→ **What you should do**:
All of the data below should be printed again exactly, pictures excluded.

→ **Dataset excerpt**:
┄┄┄┄┄┄┄┄┄┄

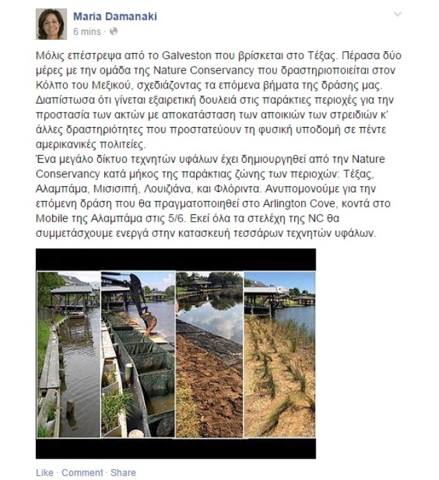 Διαπίστωσα ότι γίνεται εξαιρετική δουλειά στις παράκτιες περιοχές για την προστασία των ακτών με αποκατάσταση των αποικιών των στρειδιών κ’ άλλες δραστηριότητες που προστατεύουν τη φυσική υποδομή σε πέντε αμερικανικές πολιτείες.
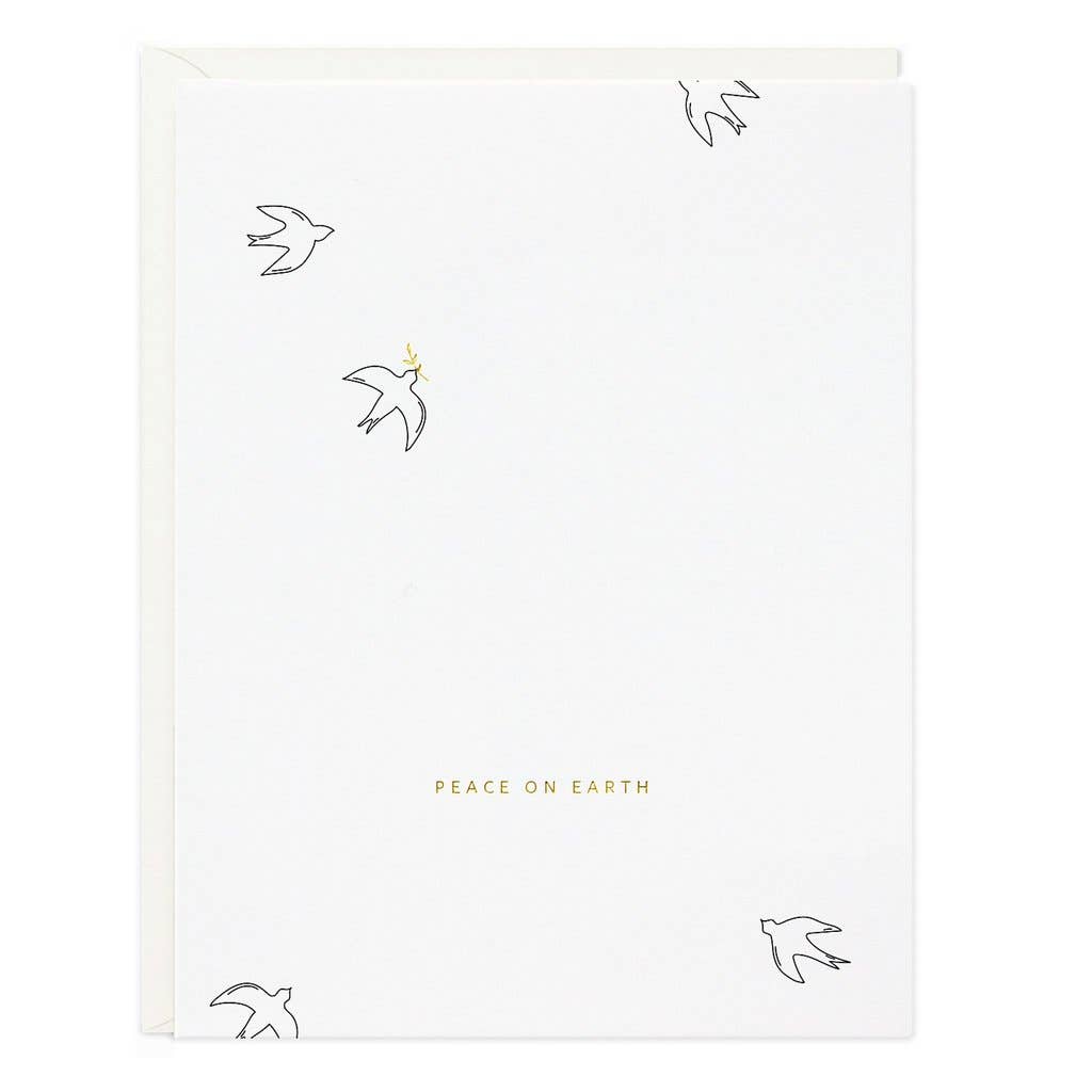 Spread a little holiday cheer and peace on earth with our hand-illustrated doves complete with gold foil accents. Paper: 100% cotton paper | Envelope color: soft white | Size: A2 folded 4.25” x 5.5” | Printing Type: letterpress + gold foil | Additional Notes: blank inside
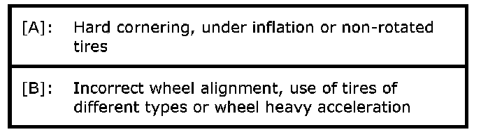 ^ Abnormal wear such as cupping and flat spotting is noted.

┄┄┄┄┄┄┄┄┄┄

→ **Answer box**:
 Διαπίστωσα ότι γίνεται εξαιρετική δουλειά στις παράκτιες περιοχές για την προστασία των ακτών με αποκατάσταση των αποικιών των στρειδιών κ’ άλλες δραστηριότητες που προστατεύουν τη φυσική υποδομή σε πέντε αμερικανικές πολιτείες.
 Spread a little holiday cheer and peace on earth with our hand-illustrated doves complete with gold foil accents. Paper: 100% cotton paper | Envelope color: soft white | Size: A2 folded 4.25” x 5.5” | Printing Type: letterpress + gold foil | Additional Notes: blank inside
 ^ Abnormal wear such as cupping and flat spotting is noted.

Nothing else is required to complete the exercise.